I learned quickly the proper handling of archival documents, how to incorporate primary sources into articles, and how to write academic articles in more approachable, friendly tones. I found that I needed to adapt much of my writing process when it came to writing for public anthropology; though I’m accustomed to writing fiction or personal essays, anthropology requires a very different touch. As an aspiring archivist, all of this experience — particularly in searching for and retrieving archival materials from storage — has been invaluable.
What has been your favorite part of this internship?

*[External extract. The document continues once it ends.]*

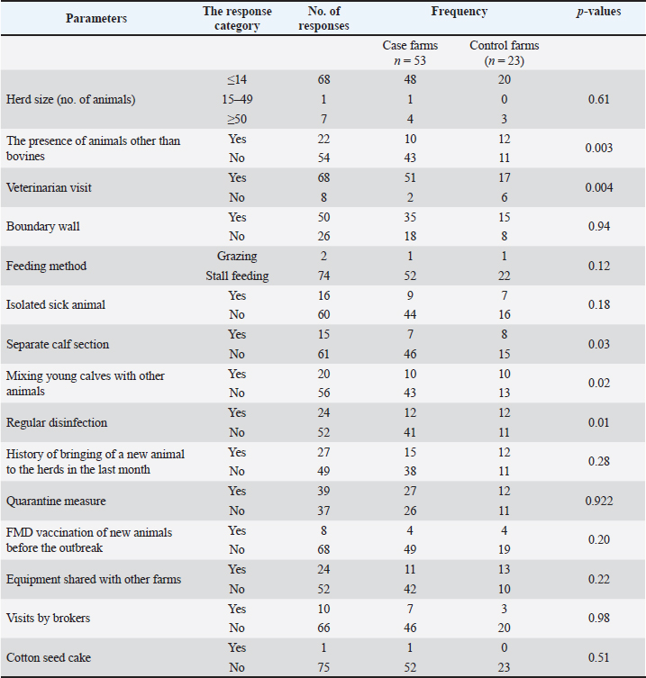 ABSTRACTBackground: Foot and mouth disease (FMD) is a highly infectious disease, affecting animals with divided hooves. FMD has seen significant outbreaks in East Java, Indonesia, highlighting the urgent need to understand the risk factors contributing to its emergence in this region. FMD spreads easily across borders and leads to significant economic losses due to illness, death, and trade limitations. Aim: The current study aimed to identify risk variables connected to the FMD outbreak in East Java. Methods: We conducted risk factor investigations for FMD in seven districts of East Java province, in collaboration with the Faculty of Veterinary Medicine at Airlangga University and the Department of Livestock, East Java. A case–control study of 76 (case=53, control=23) livestock farms with a case−control ratio of approximately 2:1 was conducted in East Java, Indonesia. Data on multiple possibly correlated parameters were collected using a standardized questionnaire. Results: Univariate analysis of the current study showed that five risk factors (the presence of animals other than cattle, visits of the veterinarian, calf sections, mixing young calves with other animal species, and regular disinfection) were significantly associated (p < 0.05) with the occurrence of FMD. Multiple logistic regression showed that visiting veterinary doctors (odds ratio [OR]=0.08, 95% CI=0.01–0.52, p=0.008), regular disinfection (OR=3.98, 95% CI=1.06–14.93, p=0.04), and sharing equipment between healthy and infected farms (OR=3.39, 95% CI=0.95–12.1, p=0.04) were significantly associated with the FMD outbreak in the vicinity in 2022. Conclusion: Strengthening biosecurity protocols, limiting admissions of animals lacking documented vaccination records, and ensuring routine vaccination against FMD are all effective countermeasures to significantly reduce and alleviate the prevalence of FMD on Indonesian livestock farms. Keywords: Biosecurity, East Java, Foot and mouth disease, Risk factors, Vaccination. IntroductionFoot and mouth disease (FMD) is a highly contagious viral disease that affects livestock and has significant economic implications. The disease affects various species of cloven-hoofed ruminants, including cattle, swine, sheep, goats, and other similar animals. The disease occurs in outbreak form and is caused by a virus, often known as Foot and Mouth Disease Virus, an RNA virus classified within the Aphthovirus genus and the Picornaviridae family (Domingo et al., 2002; Belsham, 2005; Can-Sahna et al., 2024). The bovine respiratory disease complex, which causes bronchopneumonia, arises from a complex array of factors, including infectious agents, host-related variables, environmental stresses, and the interactions among these elements (Khan et al., 2024; Ozbek et al., 2024; Tursunov et al., 2024). It is believed that the earliest descriptions of FMD were made in cattle in Italy during the 16th century (Grubman and Baxt, 2004). FMD is endemic in Asia, South America, Africa, and the Middle East; however, the World Organization of Animal Health (WOAH) has designated 69 countries as FMD-free (WOAH, 2002). There are seven immunologically distinct serotypes, designated as A, O, C, SAT1, SAT2, SAT3, and Asia1 (Spickler and Roth, 2015). The most prevalent serotypes in South America, Africa, and Asia are O and A (Di Nardo et al., 2011; Lloyd-Jones et al., 2017; WHO, 2022; WHOA, 2022). The SAT and Asia 1 serotypes are typically limited to Africa and Asia, respectively; however, there have been instances where they have spread to other areas (Wubshet et al., 2019). Serotype C, which was last identified during outbreaks in Brazil and Kenya in 2004, seems to be nonexistent in animals and may even be extinct, while there are worries about iatrogenic re-introduction with vaccinations due to laboratory escapes or poor deactivation (Sangula et al., 2011; Paton et al., 2021; Chen et al., 2022). FMDV serotype O, namely the O/ME-SA/Ind-2001e sub-lineage, is responsible for the outbreak that is currently occurring in Indonesia (Chen et al., 2022). After 36 years of ofnoo FMD cases in animals in Indonesia, the disease reemerged in livestock species in different foci of the country in 2022 and created great concern among livestock owners. Despite the lack of clear evidence, it is believed that the source of this problem is the illegal import of animals (Thomson et al., 2003) and may be from neighboring countries (Cambodia, Lao PDR, Malaysia, Myanmar, Thailand, and Vietnam), in which Serotype O is endemic (Chen et al., 2022). On April 12, 2022, in the province of East Java, the disease was identified in cattle for the first time. In light of the 3,496 instances certified by the WOAH in the provinces of East Java and Aceh on May 6, 2022, Indonesia’s FMD-free designation was revoked as of April 12, 2022 (Indonesia, 2022; Zainuddin et al., 2023). As of November 3, 2022, out of a total population of 54,767,135 livestock, there have been 570,137 cases of the disease (which corresponds to a morbidity rate of 1.04%), 9,785 deaths (which corresponds to a mortality rate of 0.02%), 12,650 livestock have been culled, and 5,199,595 have been vaccinated. The majority of reported cases were found in cattle (94.27%), followed by buffalo (4.56%), goats (0.80%), sheep (0.36%), and swine (0.02%) (Ministry of Agriculture, Republic of Indonesia, 2022). The present outbreak of FMD is posing considerable economic and biosecurity problems for Indonesia, with damage estimated to range from $1.37 to $6.60 billion US dollars (Indonesia, 2022; Karyza, 2022) because farmers had not been routinely vaccinated their animals against FMD in the recent past and Indonesian naïve population was entirely open to infection (Belsham, 2020; Zhang et al., 2024). Even if the Indonesian authorities have identified the strain of the current outbreak, that is, harming animals (Belsham, 2020), it will take some time to either import sufficient doses of an e

The sheer variety of projects involved in an exhibit, and the depth of exploration involved in researching in an archive, are incredible. I was given opportunities to directly influence an exhibit that will appear in a national museum, and to research those items so thoroughly that I could present them to passersby when the NAA would cart the items into the museum. Simply existing as a NMNH intern literally opens doors into many of the museum’s collections: this summer, tours were offered of Paleobiology and Fossil Prep, Meteorites, the Insect Zoo, the Living Jellyfish Aqua Room, Marine Mammals and Whales, Rare Books, Birds, Mollusks, Physical Anthropology and Mummies, etc., and each were guided by a passionate expert working in the Smithsonian. Just last week I toured Gems & Minerals, where I held a strip of pure gold the size of an iPhone, felt the chilly conductivity of diamonds, and learned that many classic gem names — aquamarine and emerald, ruby and sapphire — are simply recolors of the same molecular structures, named exotically by gem cutters for better business. Just within the NAA’s own collections is a deluge of beautiful drawings, insightful photographs, and the dedicated work of great anthropologists, all snugly stored in rows upon rows of gray shelves.
But most of all, I am thankful for my wonderful experience with an archive that has at once enabled me to better understand the profession, to participate in important community-revitalizing work, and to help make something concrete. Come check out Documenting Diversity early next year!